La Syrie, une défense aérienne parmi les meilleures au monde
Les experts de l'ONU partis, Damas s'attend à une frappe occidentale à tout moment. Et le pays a de quoi se défendre.
Publié le 31-08-2013 à 05h42 - Mis à jour le 01-09-2013 à 22h48
Jeudi, le président syrien Bachar al-Assad a prévenu que son armée se défendrait contre toute attaque occidentale. "Nous avons des moyens de défense qui vont surprendre", a même ajouté le ministre des Affaires étrangères Walid Mouallem. Coup de bluff ou avertissement sincère ? Une intervention des Etats-Unis et de ses alliés, même très ciblée, ferait-elle en outre courir le risque d’une riposte ?

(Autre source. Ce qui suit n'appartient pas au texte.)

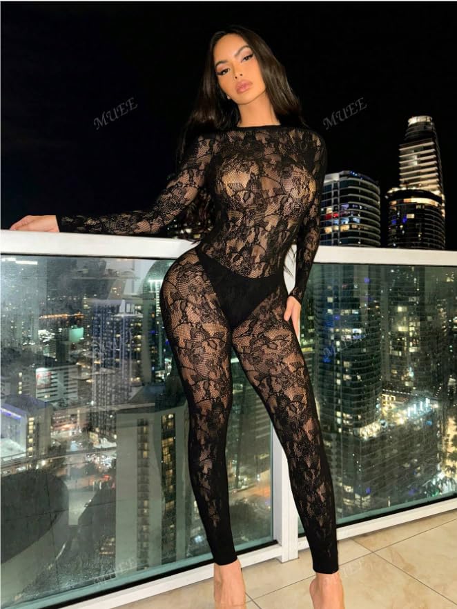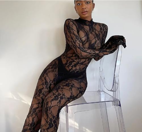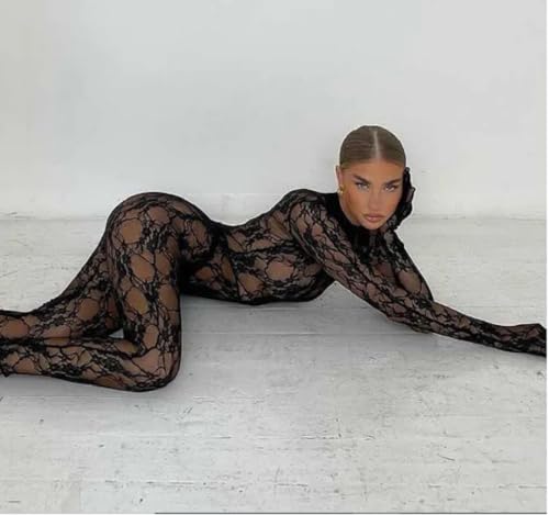 Generic - سالوبيت بكباسين من الدانتيل الشفاف للنساء من مانيكان، اسود
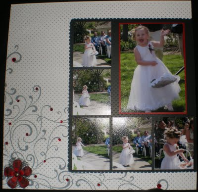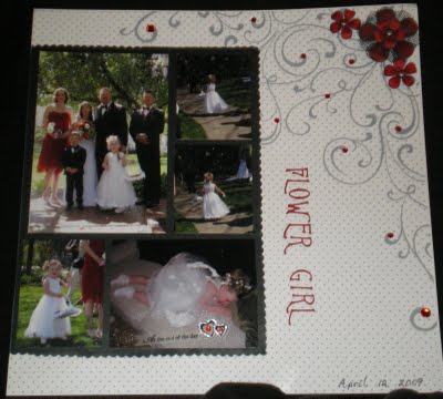 Back in April of this year my granddaughter was the flower girl at her uncle Josh’s wedding (that’s her dad’s brother – no relative of mine) . . . after trying out a number of background papers I finally decided to just keep it “simple” so that the pictures didn’t get lost in the paper . . . I used the new Making Memories wedding overlay, backing it with just plain white paper and adding a little bling to some of the scrolls . . .

A ce stade, l’on ne peut que spéculer mais une chose est sûre : la Syrie dispose de capacités militaires importantes. Bien plus que la Libye par exemple, contre laquelle une force internationale était intervenue en 2011.
Pour Joseph Henrotin, rédacteur en chef de la revue "Défense & sécurité internationale" et chargé de recherche à l’Institut de stratégie et des conflits de Paris, la défense navale syrienne ne posera pas de difficultés majeures. "Le 5 juillet, un raid israélien a détruit la majorité des missiles antinavires syriens. Cela signifie que les bateaux d’une éventuelle coalition internationale sont en mesure de s’approcher sans dommage des côtes." Depuis la mer, cette coalition pourrait aisément envoyer des missiles à l’intérieur du pays.
La capacité de défense aérienne du régime Assad, en revanche, est susceptible de compliquer sérieusement d’éventuelles opérations par avion. Il y a d’abord l’armée de l’air. "Selon les estimations, entre 100 et 150 appareils seraient aptes à effectuer des missions aériennes." Mais il y a aussi, et surtout, la défense aérienne proprement dite, qui constitue une branche spécifique des forces armées syriennes. L’une des meilleures au monde aux yeux de nombreux analystes, dont Joseph Henrotin. Elle est richement pourvue en missiles sol-air, de longue portée comme les SA-5, ou de plus courte portée. D’après les Israéliens - "la vision la plus pessimiste", précise l’expert militaire - les Syriens disposeraient de 25 brigades et de 150 batteries de missiles. De quoi provoquer de nombreuses pertes dans les rangs occidentaux.
Aux missiles susmentionnés, il faut encore ajouter les S-300 promis à Damas par les Russes. On ignore cependant s’ils ont été livrés et, quoi qu’il en soit, "les Syriens ont besoin d’un an pour apprendre à les utiliser ". Au demeurant, bien qu’impressionnante sur le papier, la défense aérienne syrienne n’a pas encore fait ses preuves en pratique. "Des batteries ont pu tomber aux mains des insurgés et d’autres être utilisées pour combattre. Et puis, ce n’est pas tout d’avoir le matériel, il faut savoir s’en servir", nuance Joseph Henrotin.
Escalade de la violence ?
Victime d’une attaque occidentale, la Syrie pourrait non seulement essayer de se défendre, mais aussi répliquer. Au Liban, singulièrement. Damas a la possibilité d’y agir à la fois via ses alliés du Hezbollah et de façon autonome. Le spécialiste en stratégie militaire envisage, par exemple, qu’il s’en prenne aux troupes de l’Onu déployées au Sud-Liban.
Et à ses voisins israéliens ? "Ce serait suicidaire", répond-il. Mais on peut imaginer que le régime Assad tente le tout pour le tout. Il s’exposerait aux ripostes israéliennes afin de rallier le monde arabe autour de lui. Un calcul extrêmement aventureux, c’est peu de le dire.
Autre hypothèse identifiée par Joseph Henrotin : que Damas demande aux Iraniens de bloquer le détroit d’Ormuz, un lieu stratégique où transitent d’énormes quantités de pétrole. L’Iran serait toutefois insensé de s’attirer ainsi la colère des grandes puissances mondiales.
Enfin, le chercheur n’exclut pas totalement que l’armée syrienne se serve de ses missiles sol-sol Scud pour attaquer Chypre, où se trouve une base britannique. "Mais c’est limite de portée, en sachant que plus un missile Scud va loin, moins il est précis. Donc il y a un grand risque qu’il fasse plouf."
Bref, tout dépend du degré d’acceptation du risque de Bachar al-Assad. S’il ne se sent pas capable de mener la guerre sur deux fronts, il jouera probablement profil bas. Le Président syrien devra en tout état de cause minutieusement peser ses intérêts politiques.